#### WHAT YOU WILL DO
Every record must be repeated exactly; omit any pictures they contain.

#### DATA EXTRACTS
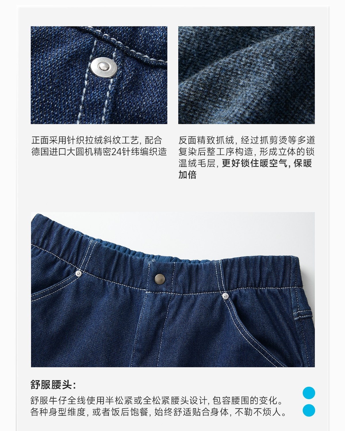 allblu幼岚女装舒服牛仔抓绒阔腿裤,柔软保暖,挺括有型 商品图3
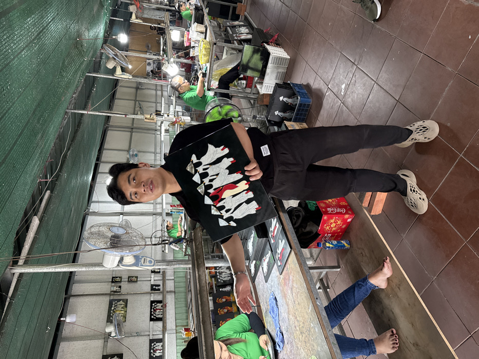 An indoor craft workshop in Ho Chi Minh City, Vietnam, is depicted. A young adult male stands in the foreground, facing the viewer, wearing a black shirt, black pants, and light beige foam clogs. He holds a black rectangular artwork featuring five stylized figures of women in white áo dài and nón lá, with red and yellow accents. His left arm is extended towards the left, palm open. To his left, a person wearing a green shirt and blue jeans sits at a long table, focusing on a piece of artwork; their bare feet, with red-painted toenails, are visible. In the mid-ground and background, multiple individuals, predominantly in green shirts, are seated at similar metal-framed tables, engaged in creating intricate artworks. One older male with glasses and a green shirt is visible working at a workstation. The tables are cluttered with tools, materials, and pieces of artwork, some stacked in white and blue plastic crates. Pedestal fans are mounted or placed throughout the workshop. The floor is covered with brown tiles. The ceiling features exposed beams, electrical wiring, and is partially covered by a green mesh fabric. Illumination is provided by hanging fluorescent tube lights and bare bulbs. A red Coca-Cola crate and a blue water bottle are present on the floor under a table.
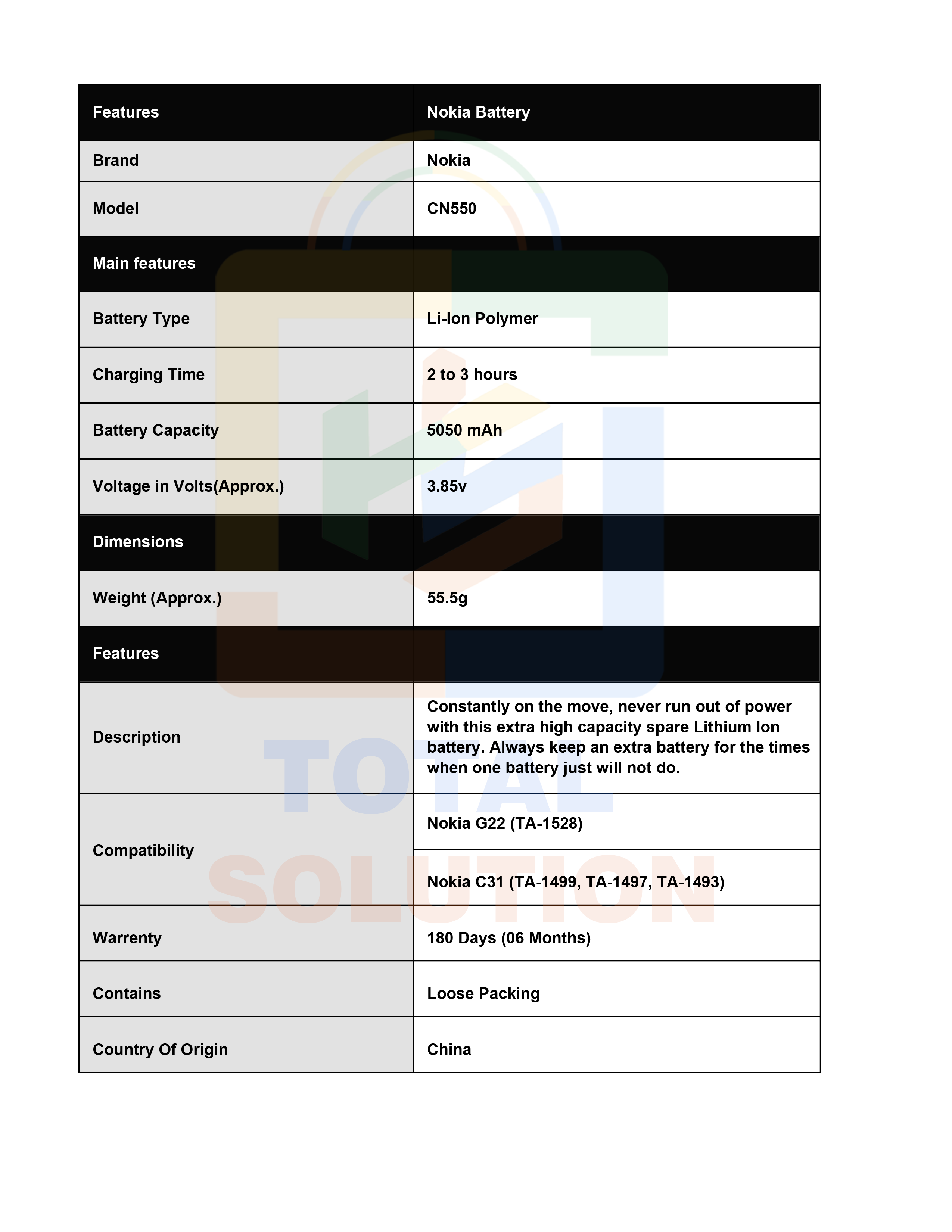 Original Nokia G22 (TA-1528) Battery CN550 - 5050mAh
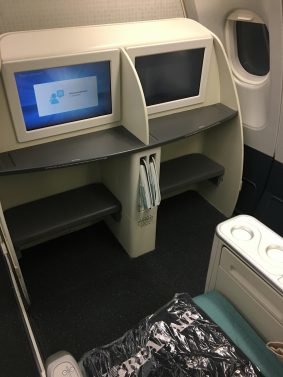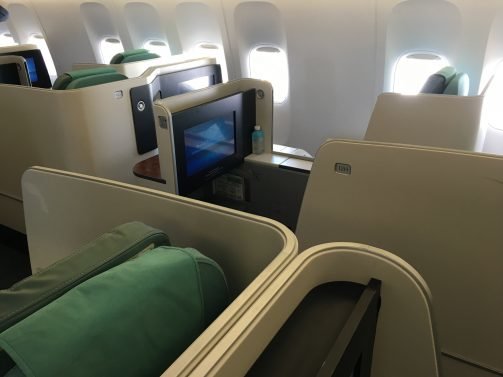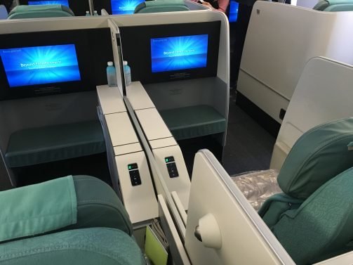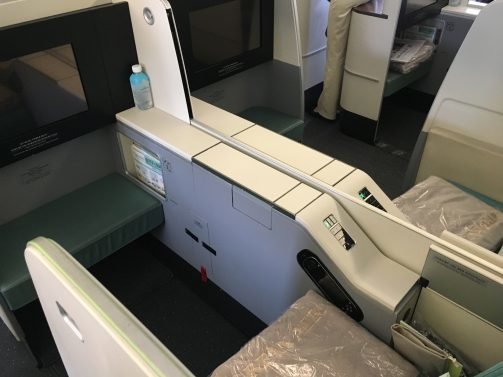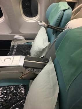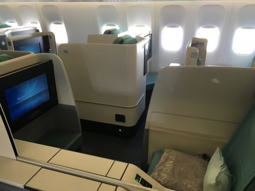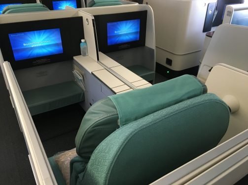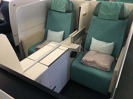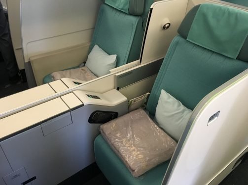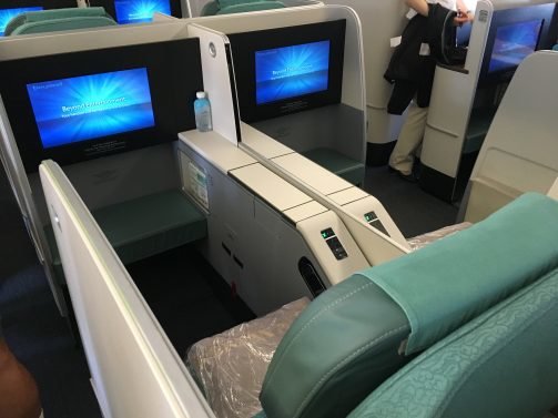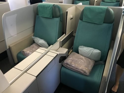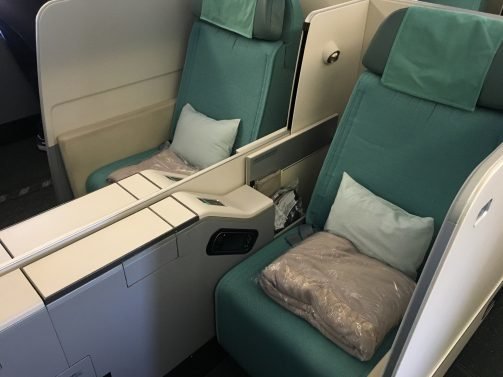 Korean Air uses an angled lie-flat seat in a 2-2-2 configuration for these flights. They resemble the Qatar Airways old 777 model quite a bit. Business Class would be 100% full that night and my aisle seat was better than I expected.
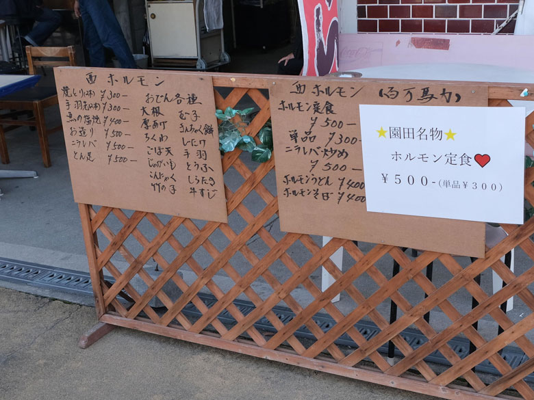 さて何にしようかなと、お店の前をカニ歩きしながら見ていくと、おお「ホルモンそば」なるものがあるじゃない。ホルモンが入った蕎麦は浦和競馬場のものを紹介したことがあるけれど、関東と関西を比較できるし面白そう!
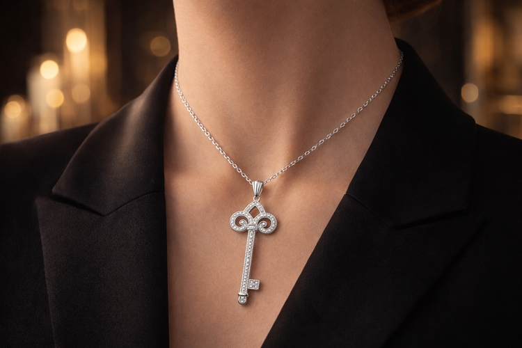 گردنبند نقره ۹۲۵ طرح کلید اقبال فِلور-فِلور نگین‌دار با زیرکونیا (زنجیر ۴۲ سانت)
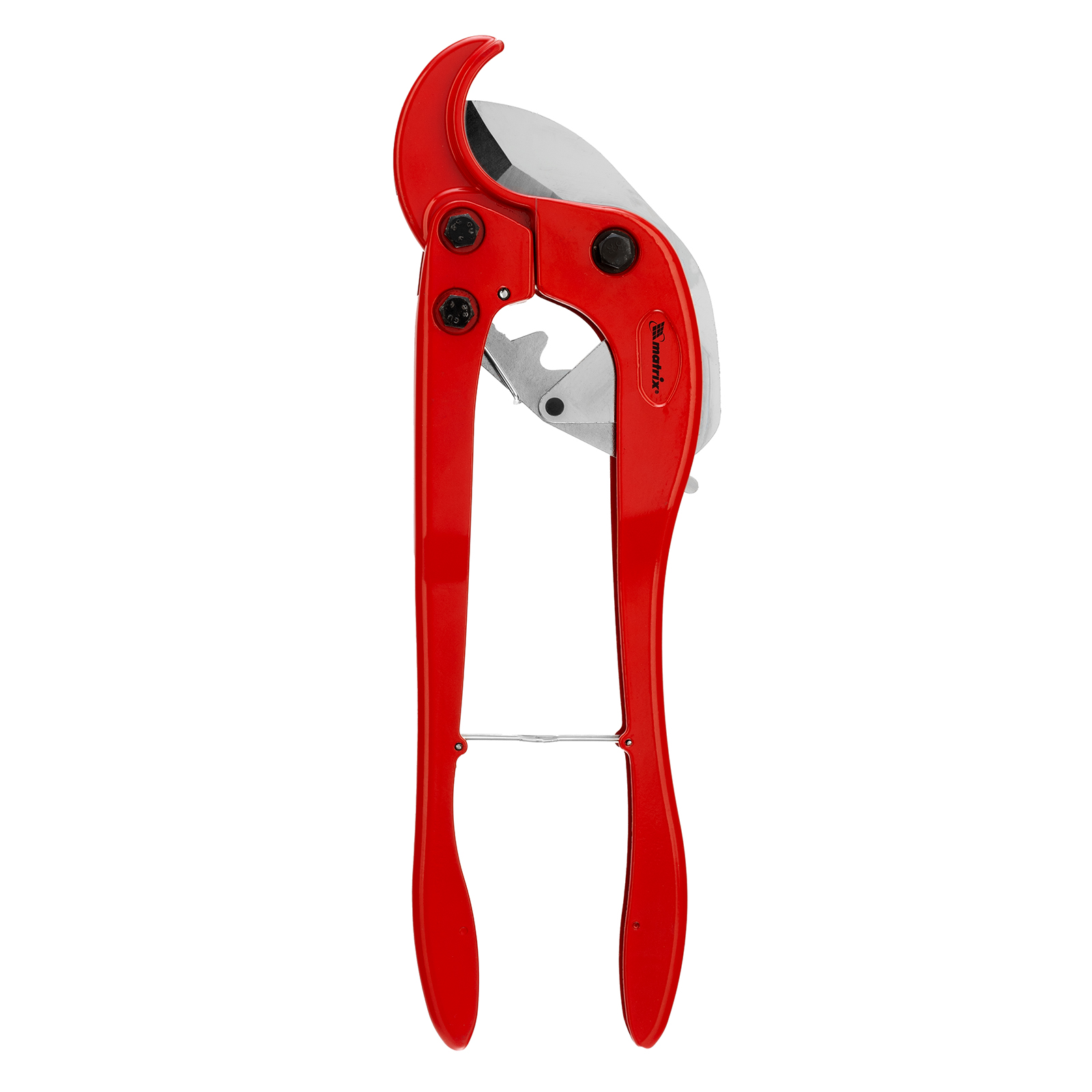 Универсальные ножницы Matrix 78418 с порошковым покрытием рукояток используются для резки изделий из ПВХ диаметром до 63 мм — труб, плинтусов, профилей. Подойдут также для разрезания резиновых шлангов и других заготовок. Ножницы успешно справляются с крупными предметами благодаря удлиненным рукояткам, увеличивающим передаваемое усилие. Инструмент пригодится сантехникам и мастерам-отделочникам.

#### YOUR SOLUTION
 allblu幼岚女装舒服牛仔抓绒阔腿裤,柔软保暖,挺括有型 商品图3
 An indoor craft workshop in Ho Chi Minh City, Vietnam, is depicted. A young adult male stands in the foreground, facing the viewer, wearing a black shirt, black pants, and light beige foam clogs. He holds a black rectangular artwork featuring five stylized figures of women in white áo dài and nón lá, with red and yellow accents. His left arm is extended towards the left, palm open. To his left, a person wearing a green shirt and blue jeans sits at a long table, focusing on a piece of artwork; their bare feet, with red-painted toenails, are visible. In the mid-ground and background, multiple individuals, predominantly in green shirts, are seated at similar metal-framed tables, engaged in creating intricate artworks. One older male with glasses and a green shirt is visible working at a workstation. The tables are cluttered with tools, materials, and pieces of artwork, some stacked in white and blue plastic crates. Pedestal fans are mounted or placed throughout the workshop. The floor is covered with brown tiles. The ceiling features exposed beams, electrical wiring, and is partially covered by a green mesh fabric. Illumination is provided by hanging fluorescent tube lights and bare bulbs. A red Coca-Cola crate and a blue water bottle are present on the floor under a table.
 Original Nokia G22 (TA-1528) Battery CN550 - 5050mAh
 Korean Air uses an angled lie-flat seat in a 2-2-2 configuration for these flights. They resemble the Qatar Airways old 777 model quite a bit. Business Class would be 100% full that night and my aisle seat was better than I expected.
 さて何にしようかなと、お店の前をカニ歩きしながら見ていくと、おお「ホルモンそば」なるものがあるじゃない。ホルモンが入った蕎麦は浦和競馬場のものを紹介したことがあるけれど、関東と関西を比較できるし面白そう!
 گردنبند نقره ۹۲۵ طرح کلید اقبال فِلور-فِلور نگین‌دار با زیرکونیا (زنجیر ۴۲ سانت)
 Универсальные ножницы Matrix 78418 с порошковым покрытием рукояток используются для резки изделий из ПВХ диаметром до 63 мм — труб, плинтусов, профилей. Подойдут также для разрезания резиновых шлангов и других заготовок. Ножницы успешно справляются с крупными предметами благодаря удлиненным рукояткам, увеличивающим передаваемое усилие. Инструмент пригодится сантехникам и мастерам-отделочникам.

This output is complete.